= Research Centre for Emerging and Reemerging Infectious Diseases =

The Research Centre for Emerging and Reemerging Infectious Diseases is part of the Pasteur Institute of Iran.

It is the National Reference Laboratory for Plague, Tularemia, and Q Fever.

== The history of the foundation of Pasteur Institute of Iran ==
One year after World War I and despite the persistent problems caused by casualties and infectious diseases in the country resulting from war, the Iranian government decided to renew its relationship with France to promote medical sciences and research concerning different types of endemic infectious diseases. The Iranian delegates met Pierre Paul Émile Roux, the general director of the Pasteur Institute of Paris, in 1919 and this visit laid the foundation of Pasteur Institute of Iran.

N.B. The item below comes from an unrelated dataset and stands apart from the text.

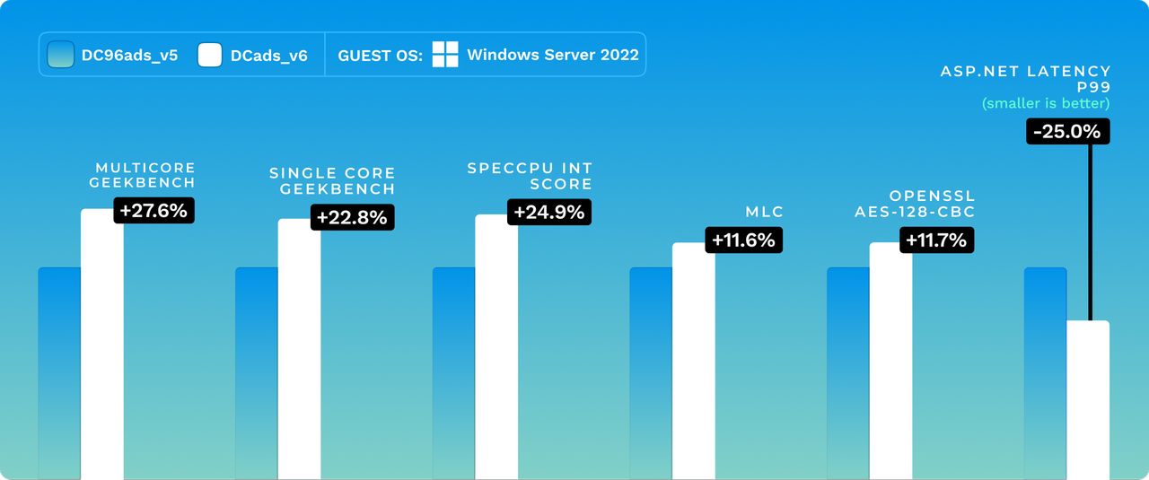 根據微軟內部測試結果,對比基於AMD第三代EPYC平臺的機密運算虛擬機器(DCasv5系列),新登場的DCasv6系列在多種項目當中,效能領先幅度達到25%。

On 20 January 1921, Professor René Legroux, the leading delegate of the Pasteur Institute of Paris, signed a memorandum of understanding with the minister for foreign affairs of Iran and as a result, Pasteur Institute of Iran was established. Pasteur Institute of Iran was the tenth Pasteur Institute formed worldwide. Moreover, Pasteur Institute of Iran formally started its activity on 23 August 1921. Due to World War II, the relationship between the Pasteur Institutes in Iran and Paris was interrupted (from 1939 to 1945). Before the war, when the number of laboratories was limited and their activities failed to meet the needs of the country, most of the national health issues related to the ministry of health were addressed by Pasteur Institute of Iran.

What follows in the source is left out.